Figure 11 shows the 95% posterior confidence intervals (CIs), the mean, median and the MAP of the simulated model incidences. From this figure we observe that most of the observed training incidences for the four zones, fall outside the 95% CI of the simulated model incidence with zone 1 and zone 3 simulated model incidences providing the narrowest 95% CI. In contrast, zones 2 and 4 have larger 95% prediction CI, and they cover more of the observed incidence. Zone 1 model prediction interval provides the worst coverage of the observed prediction incidences in this zone. The proportions of the observed prediction incidence covered by the 95% CI of simulated model incidence from t-walk are presented in Table 8. As the CIs for the four zones are generally not too wide and covers a small proportion of the training observed incidence, and the prediction observed incidences for zones 3 and 4, we can conclude that the point estimates from t-walk seems adequate, but we tend to underestimate the uncertainty associated with the estimated parameters.
We can observe from both Figure 10 and Figure 11 that the model predicts that there will still be some infection levels beyond 2020-09-06, the date when we observed the last incidence. In fact, the figures reveal that in the four zones, some individuals will still be infected up until 2020-10-17, with the median and map incidences being within the 95% CI.
After checking the adequacy of the prior distributions with respect to the posterior distribution and sampling, using the t-walk package, we also performed sampling of the posterior distribution using the Stan package. Stan is a Hamiltonian Monte Carlo (HMC) based package designed for Bayesian statistical analysis. We refer the reader to [134] for more details about the software and [132,135] for an insight on how the package can be used to perform inference and uncertainty quantification of compartmental epidemic models.
For Stan, we used the same support for the prior distribution as used in t-walk, except for the incubation initial conditions. Using the same support for the incubation initial conditions in t-walk led to very low overall proposal acceptance rate. As such, we had to use a different and shorter support range for all the incubation initial conditions prior distributions in t-walk in order to have reasonable proposals acceptance rate for the algorithm. However, in Stan, the support range for the same parameters were larger as Stan is more robust. For the over-dispersion parameters, we used the transformed versions and sampled their inverses in Stan.
For the model at hand, we ran one chain with 1,000 iterations for each of the 24 parameters and took the first 300 iterations as burn-in samples. The number of iterations is not the same as those obtained from t-walk as Stan requires longer periods of time, than t-walk, to complete each iteration. However, from the analysis, we observe that the chains are importantly less correlated, and we can obtain bigger effective sample sizes. Figure 12 and Figure 13 respectively shows the trace plots and the posterior densities of the samples of the estimated parameters. We obtained unit Rhat values from the Stan summary statistics output, an indication that all, except two, of the transitions converged. Additional Stan statistics, particularly, the diagnosis of the pairs plot of a subset of the estimated parameters, (Figure 14), confirms convergence of all, except two of the transitions of the chain during sampling.
Figure 15 shows the 95% CIs of the posterior distributions obtained from Stan. All the parameters, except β 1 , γ 1 , γ 2 , and γ 3 , had short CIs.

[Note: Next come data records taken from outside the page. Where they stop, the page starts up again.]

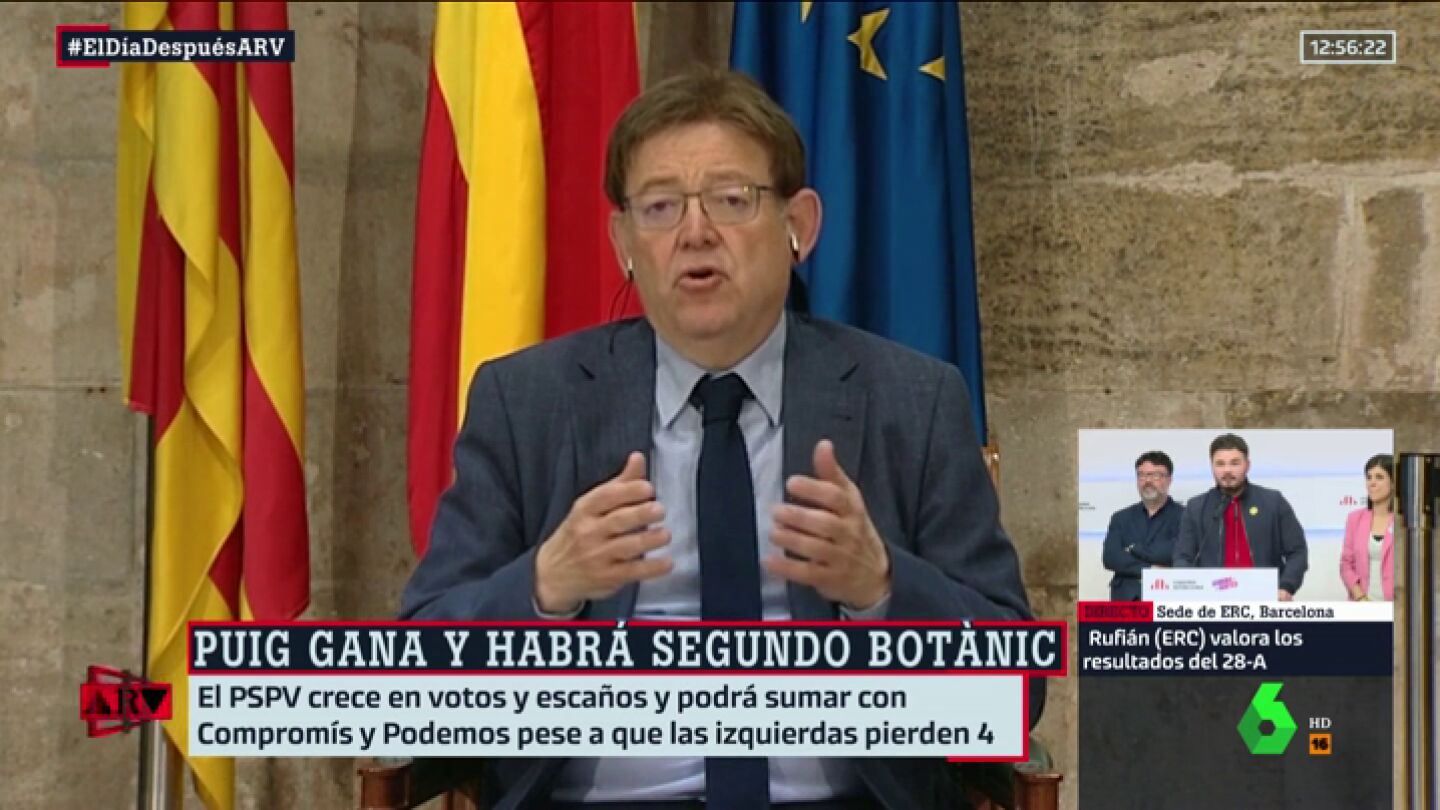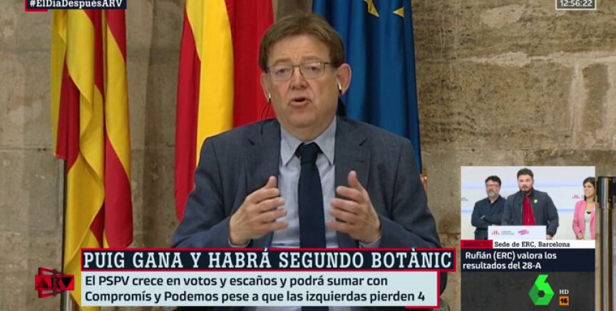 El president de la Generalitat Valenciana, Ximo Puig, valora como "positivo" el adelanto electoral ante el peligro de la irrupción de la extrema derecha. Así, Puig (PSPV) logra la primera victoria desde 1991 y liderará otro pacto de la izquierda en la Comunitat Valenciana.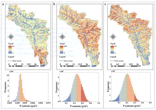 The optimal estimation model from Section 3.2 was used to map the spatial distribution of forage P content within the study area, enabling an analysis of its spatial pattern variations. Figure 8 shows the spatial distributions and data histograms of forage P content in the regreening, grass-bearing, and yellowing periods. Grasslands located near water systems exhibited significantly higher P content. Throughout the three growing seasons, the overall trend in P content followed the order grass-bearing > yellowing > regreening. In the regreening period, P content was generally low, showing a south-to-north decreasing gradient in the Shaliu River Basin (Figure 8a). During the grass-bearing period, P content rose sharply, particularly in central regions (Figure 8b). By the yellowing period, P content declined, with the highest levels in the northern part of the basin (Figure 8c).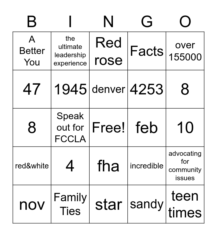 This bingo card has a free space and 30 words: Family Ties, Take the Lead, Speak out for FCCLA, Working on Working, A Better You, Red rose, 1945, fha, feb, star, 10, teen times, sandy, reston, 8, toward new horizon, incredible, red&white, 4, over 155000, 8, focus on family, the ultimate leadership experience, 4253, 47, Facts, advocating for community issues, nov, denver and over 30.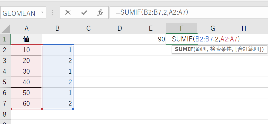 結果として90(10+30+50)が表示され、番号1のデータのみが合計されました。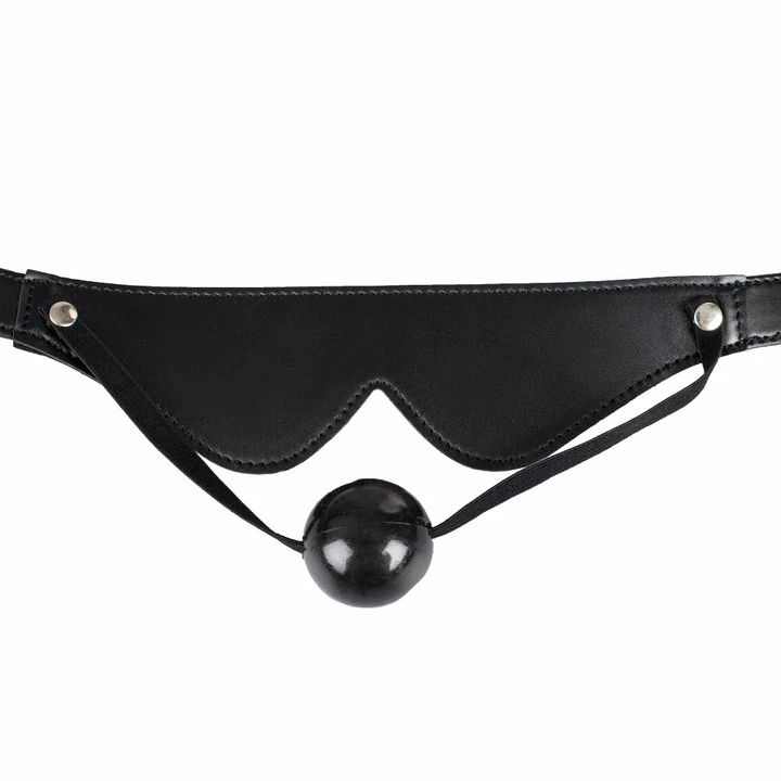 The Bondara Black Faux Leather Blindfold with Ball Gag combines two fetishes and adds extra suspense and anticipation to your play. Securely fasten the blindfold to your subβs head using the durable Velcro on the lining of the faux leather straps. The ball gag is attached to the blindfold via elasticated straps and prevents your playmate from complaining about the darkness. This BDSM essential will heighten your partnerβs senses during experimental and exciting role plays and will ensure long nights of extreme Dominance.Β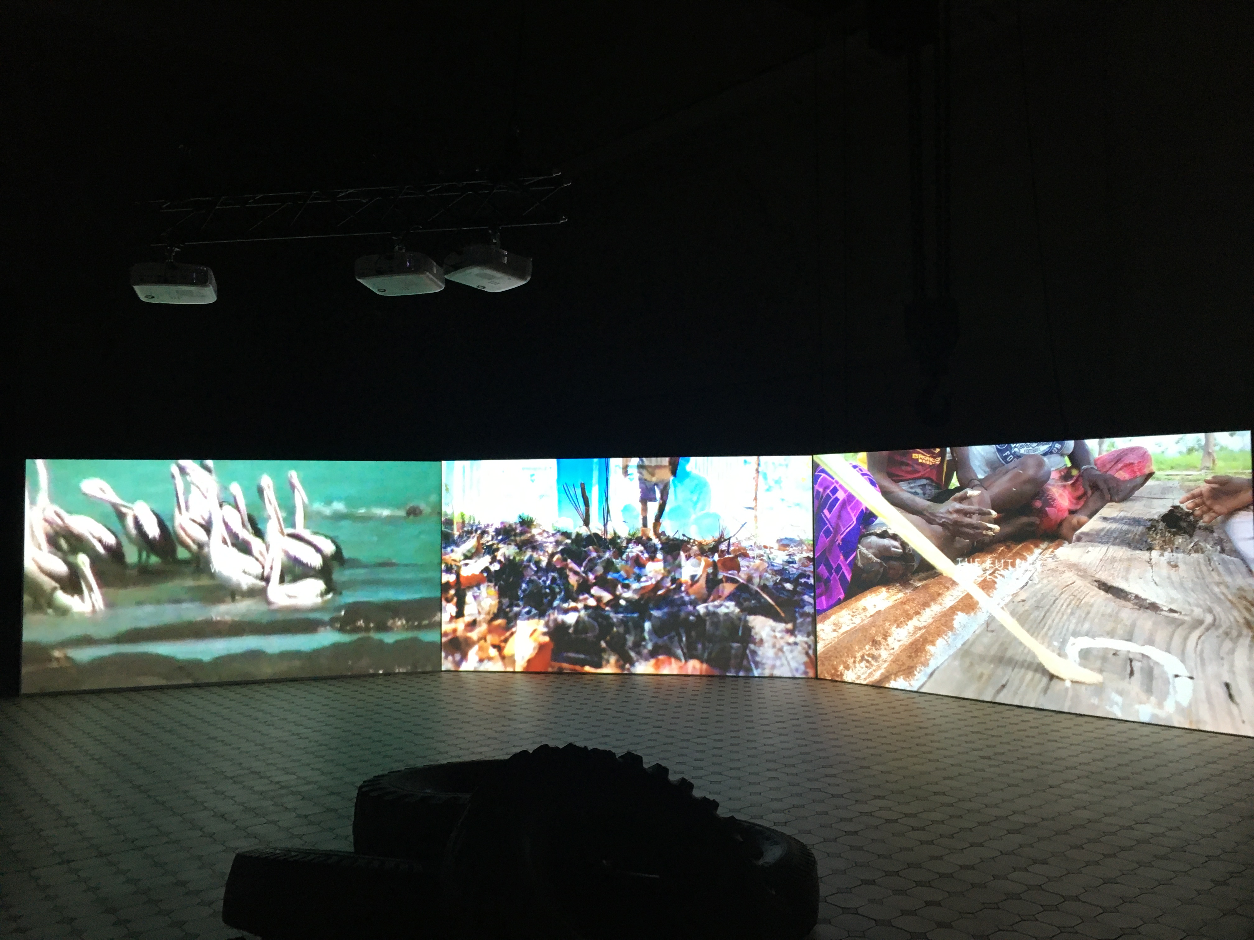 Und auch die Mahnung „wir sind die zukünftigen Vorfahren“ („we are the future ancestors“), die immer wieder auf den beiden äußeren Projektionswänden der Dreikanalinstallation erscheint, kann durchaus auch als ein Appell an die hiesige Rezipientin verstanden werden.

It is noteworthy that just as in t-walk, the samples of the inverse of the over-dispersion parameters, ν i from Stan had very narrow intervals.
The pairs plot in Figure 14 shows the posterior distributions of the infection and recovery parameters (diagonal figures) and scatter plots (off-diagonal figures) showing the relationship between each of the samples. Since there were many (24) parameters to estimate, it was not appealing to have a joint pairs plot for all of them. In as much as this is the ideal procedure, doing this would lead to a figure with very tiny non-visualizable figure entries. We thus chose to pair the infection and recover rates (see Figure 14), as the scatter plots of these parameters exhibited interesting relationships. For instance, we observe from this figure, that there was a strong linear positive posterior correlation between β 1 and γ 1 , β 2 and γ 2 and β 4 and γ 4 . In contrast, the infection parameters for the four zones did not exhibit any important relationship among themselves. This was also the case with the recovery parameters.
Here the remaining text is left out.